Как всегда, на конверте ухарски написано лиловыми чернилами рукой измалковского телеграфиста: «Нарочному уплатить 70 копеек». И, как всегда, карандашом и очень грубо цифра семь исправлена на восемь, исправляет мальчишка этого самого «нарочного», то есть измалковской бабы Махоточки, которая возит нам телеграммы. Встаю и иду через темную гостиную и темную залу в прихожую. В прихожей, распространяя крепкий запах овчинного полушубка, смешанный с запахом избы и мороза, стоит закутанная заиндевевшей шалью, с кнутом в руке, небольшая баба.

— Махоточка, опять приписала за доставку? И еще прибавить просишь?

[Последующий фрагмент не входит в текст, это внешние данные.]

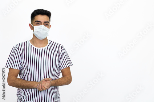 Young man wearing a white striped shirt. He's wearing a medical mask. He has a cell phone. White background. Isolated image.
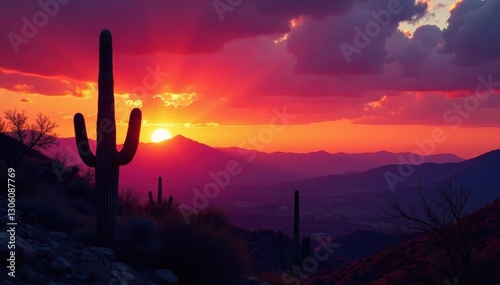 Fiery sunset paints Arizona mountains, silhouetted saguaro cacti , evening, mountains
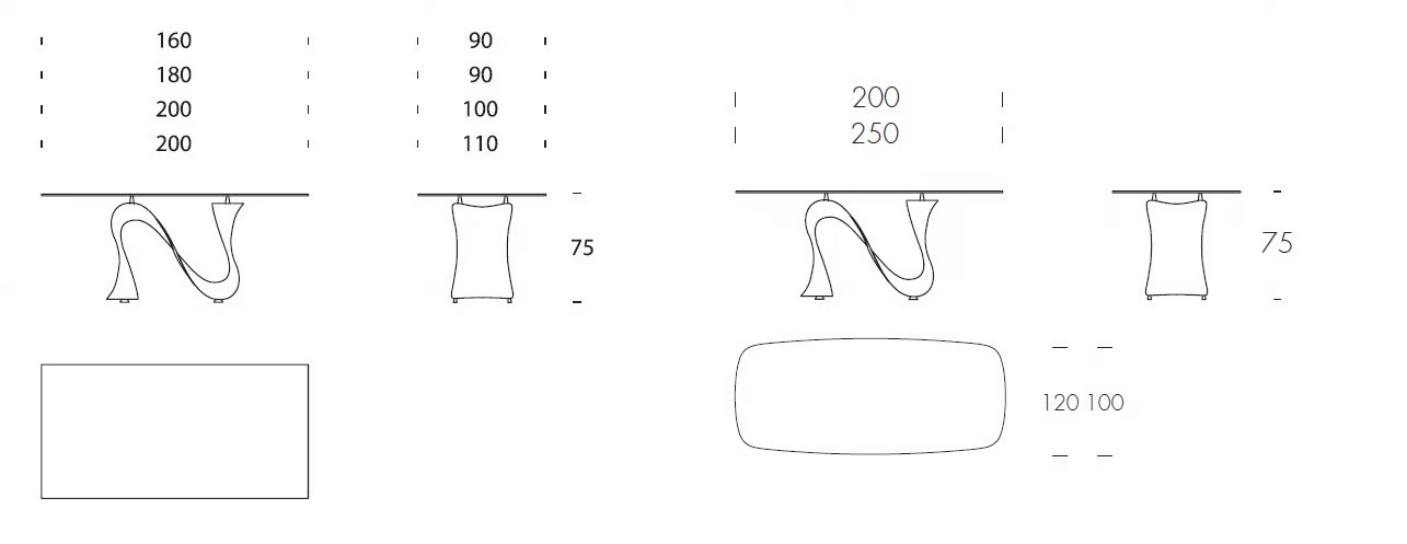 The WAVE porcelain stoneware table is designed for versatile environments such as restaurants, conference rooms, coworking spaces, cafés, event venues, and educational institutions. This modern design table features a fixed rectangular top available in porcelain stoneware or ceramic glass, offering a range of finishes including onyx grey, statuario altissimo, Portoro, and more. The ceramic glass options include black, dark brown, and white. The base, crafted from Baydur®, is available in glossy finishes like white, black, beige, champagne, and corten. This material choice allows the base to mimic the dynamic movement of a wave, while the top provides a contrasting static appearance. Ideal for dining tables and conference room furniture, this piece complements durable seating and ergonomic, stackable café chairs, enhancing any professional setting with its innovative design.
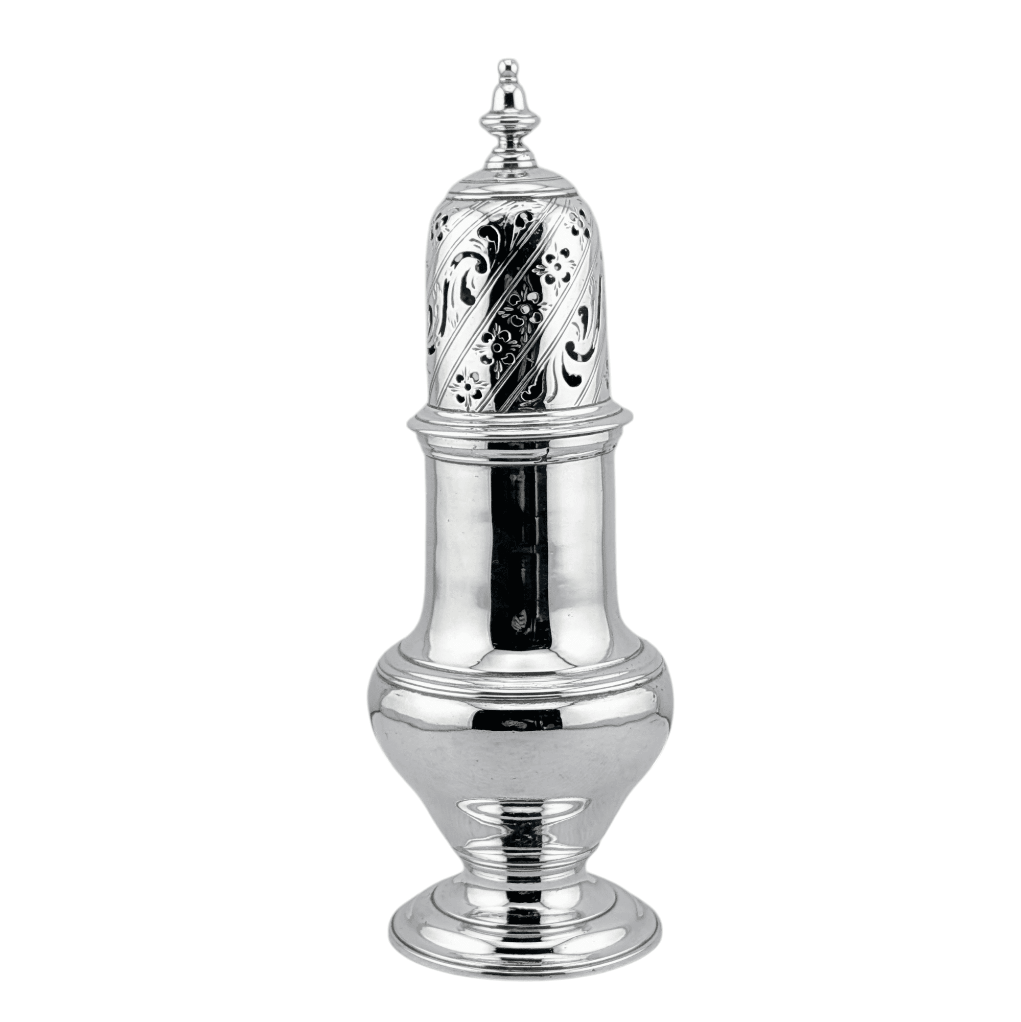 A lovely antique silver sugar caster with a very attractive piercing to the lid. It is nicely hallmarked on the base and correctly part-marked on the lid. On one side of the caster, there is an engraved initial “D” which it is believed pertains to Admiral Sir James Douglas 1703 – 1787 who was commodore of Newfoundland, and amongst other actions served as a member of Admiral Byngs’ court martial in 1757. He owned sugar plantations from 1762 in Guyana and from 1778 in Antigua.
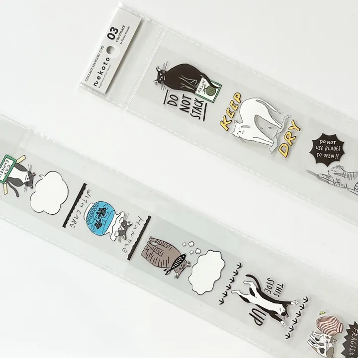 『caremark:神崎遙』 我讓貓咪示範了搬運行李的注意事項。 你可以在對話框裡寫訊息。 請在你的禮物中加入一個字,獻給你所愛的人。 「PET膠帶」 這是一種由透明薄膜材料製成的裝飾風格膠帶,深受海外文具愛好者喜愛。 只要剪貼,就能輕鬆做出時尚的拼貼。 插圖清晰又美麗,完成的效果看起來就像是你親手畫的! ----- 神崎遙 出生於靜岡縣濱松市,現居東京。 畢業於早稻田大學文學部。 在平面設計辦公室工作期間,他也活躍於自由插畫家的身份。 他喜歡畫各種雜物、食物和動物。
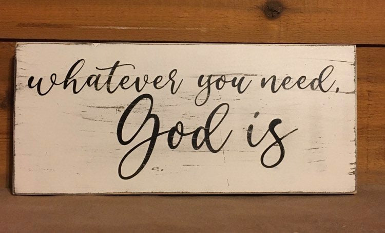 "Whatever You Need, God is" Handcrafted Wood Sign -- 5.5" x 12.5"
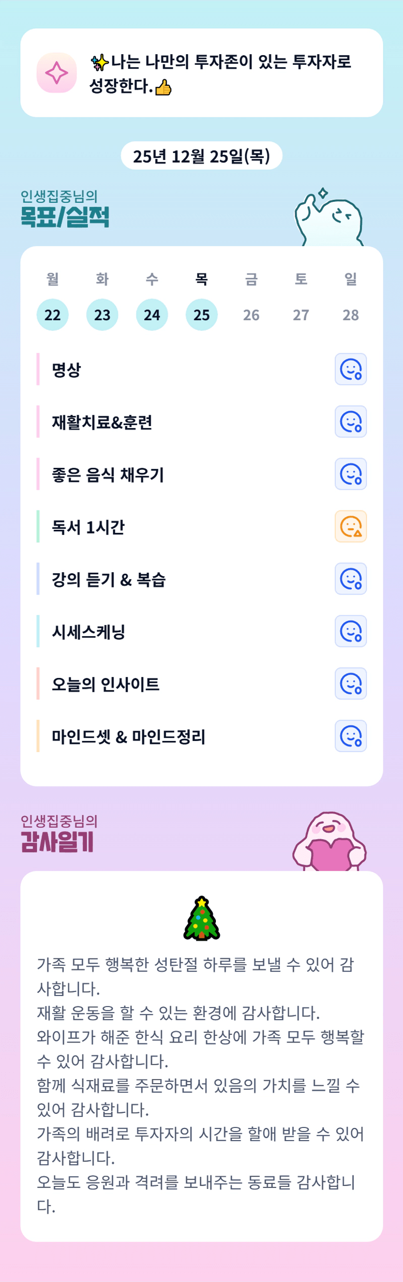 크리스마스 즐겁게 보내시고 투자 활동도 하셨네요~ 수고 많으셨어요 ^^
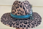 A leopard print fedora hat. Hat has a velvet layered band with feathers and crystals on the side. All hats are 1 of a kind.
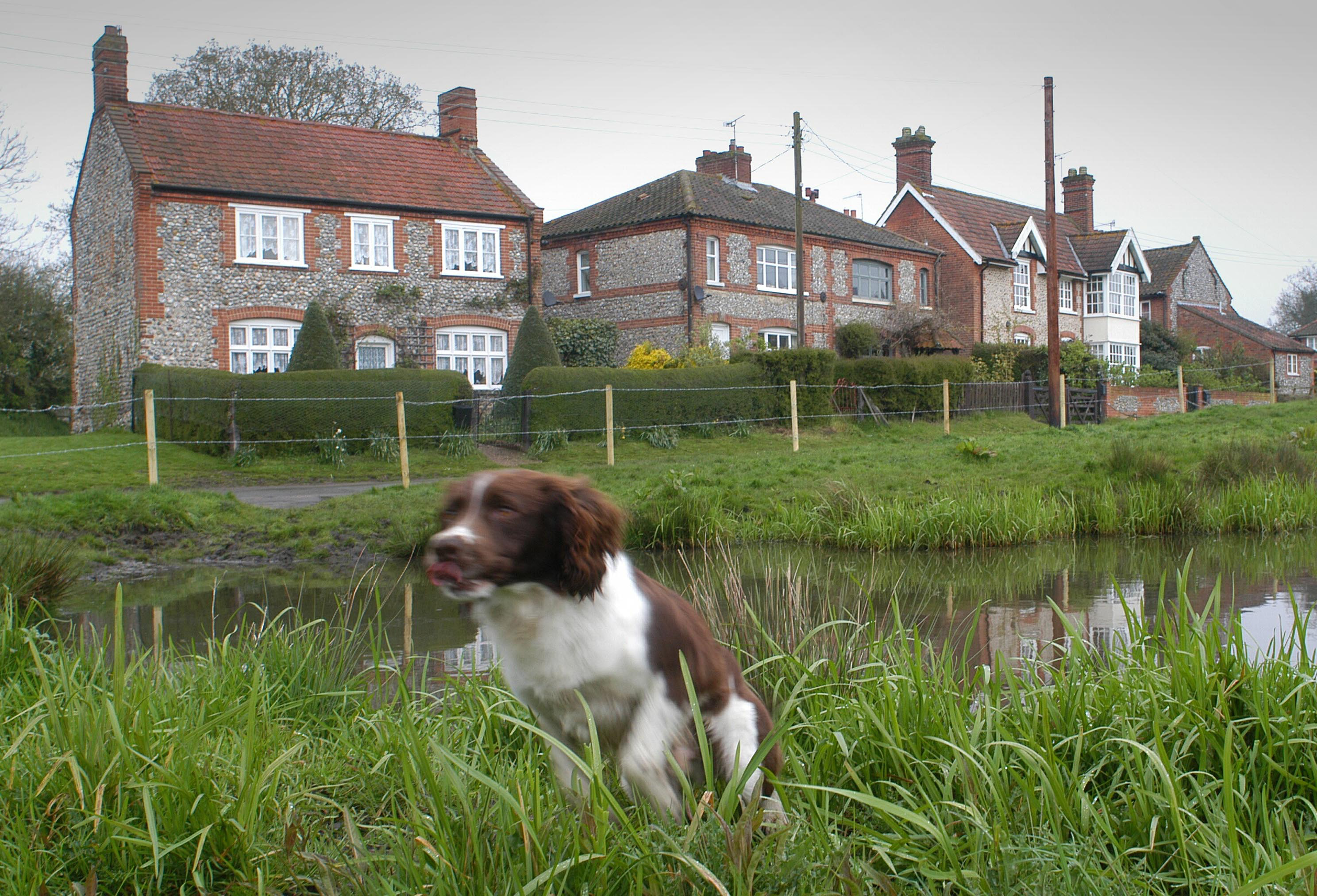 Pic shows Tilly, the springer spaniel in the duckpond on the green.
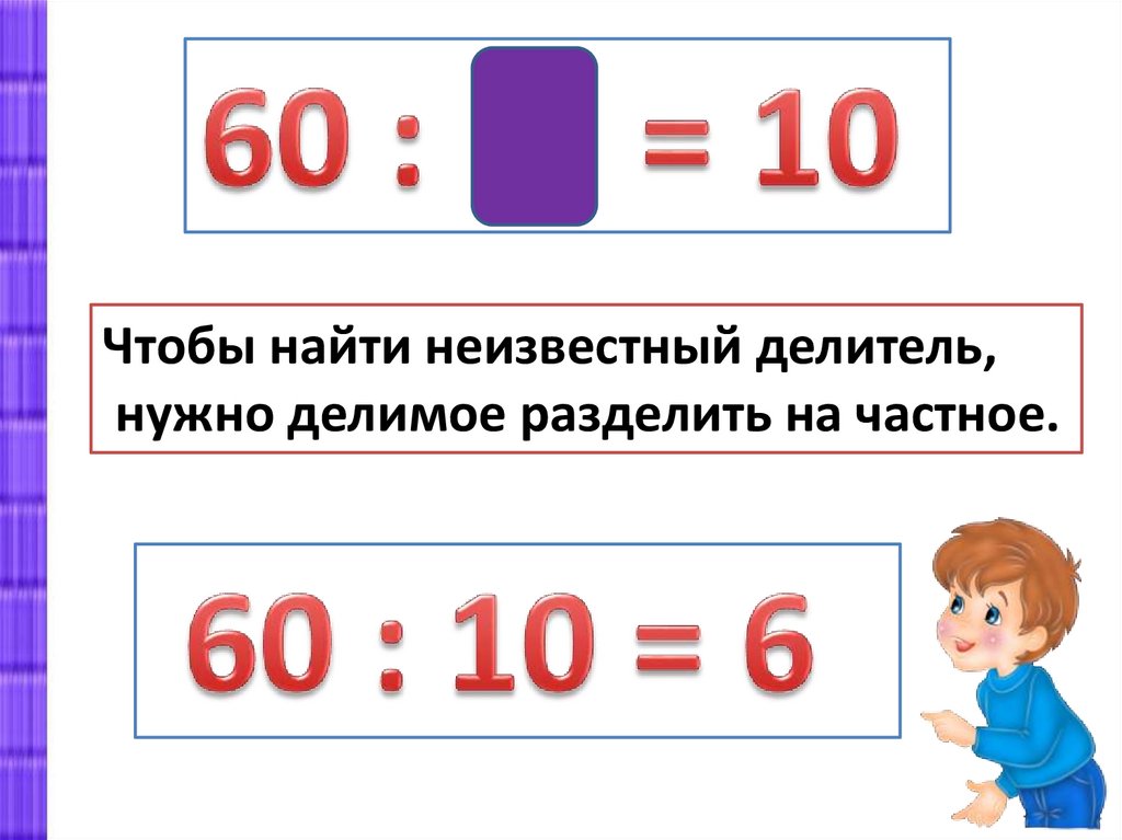 Чтобы найти неизвестный делитель,нужно делимое разделить на частное.

— Барин, — отвечает Махоточка, деревянным с морозу голосом, — ты глянь, дорога-то какая. Ухаб на ухабе. Всю душу выбило. Опять же стыдь, мороз, коленки с пару зашлись. Ведь двадцать верст туда и назад…

С укоризной качаю головой, потом сую Махоточке рубль. Проходя назад по гостиной, смотрю в окна: ледяная месячная ночь так и сияет на снежном дворе. И тотчас же представляется необозримое светлое поле, блестящая ухабистая дорога, промерзлые розвальни, стукающие по ней, мелко бегущая бокастая лошаденка, вся обросшая изморозью, с крупными, серыми от изморози ресницами… О чем думает Махоточка, сжавшись от холоду и огненного ветра, привалившись боком в угол передка?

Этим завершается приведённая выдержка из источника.